All English families from before 1750 are from Kent or Hampshire


What is the DNA test?


A kit, with full instructions, is sent by post to your address. A few cells are removed from the inside of the mouth, either through a vigorous mouthwash (SMGF) or a mild scraping of the inside of the cheek (FT DNA).The sample is placed in a tube and sent back to the laboratory in the USA by standard post. The test is painless, quick & simple.


Back in the laboratory standard procedures are used to extract the DNA, and then analyse the markers on the Y chromosome.

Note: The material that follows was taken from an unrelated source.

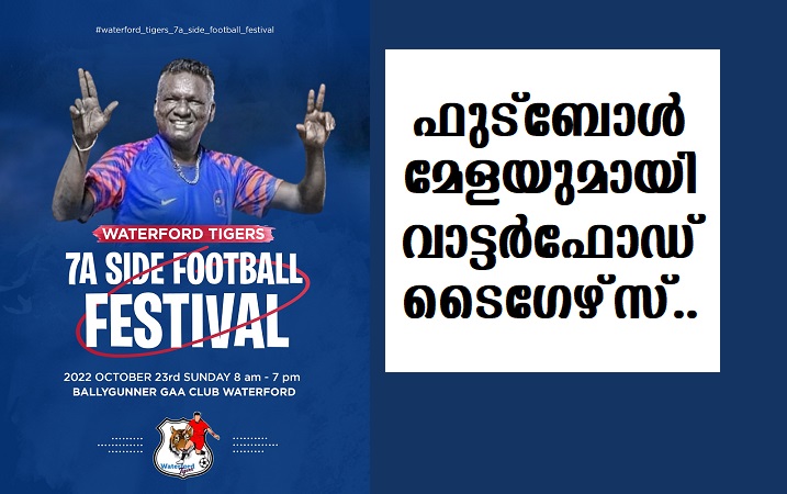 ഒക്ടോബര് 23 ഞായറാഴ്ചയാണ് ബാലിഗണ്ണര് ഇന്ഡോര് സ്റ്റേഡിയത്തില് 7 A സൈഡ് ഫുട്ബോള് മേള നടത്താന് വാട്ടര്ഫോഡ് ടൈഗേഴ്സ് ഒരുങ്ങുന്നത്.രണ്ടു വിഭാഗങ്ങളിലായി നടക്കുന്ന ഫുട്ബോള് മേളയില് അയര്ലണ്ടിന്റെ വിവിധ ഭാഗങ്ങളില് നിന്നുള്ള പ്രമുഖ ടീമുകള് പങ്കെടുക്കും.

What are DNA markers? What results are obtained?


The Y chromosome is a portion of DNA which is passed in the male sperm from father to son, to the son's son, etc in a strict male line; Women do not have the Y Chromosome. Hence, the inheritance of the Y chromosome normally follows the inheritance of the BARLING surname. Exceptions would be when there is a “non-paternity” event, e.g. an adoption, surname change or the biological father is not the anticipated father.


The test analyzes many specific “markers" within the Y chromosome. Each “marker” is a small region of “non-coding” DNA. At every generation there is a small chance that a change (mutation) occurs in one of the markers of the Y chromosome. Very roughly once every 500 generations, a mutation occurs in one of the markers being tested.  This has no effect on the individual as the markers in the “non-coding” regions have no obvious function. However, this low mutation rate allows one to follow the male line.


Each “marker” actually consists of a small section of DNA within which there are several repeats of the same DNA sequence. The mutations that occur change the number of these repeats. The DNA analysis measures the number of repeats of each marker. The end result is simply a list of the names of each marker and its measured number of repeats (the “marker value”).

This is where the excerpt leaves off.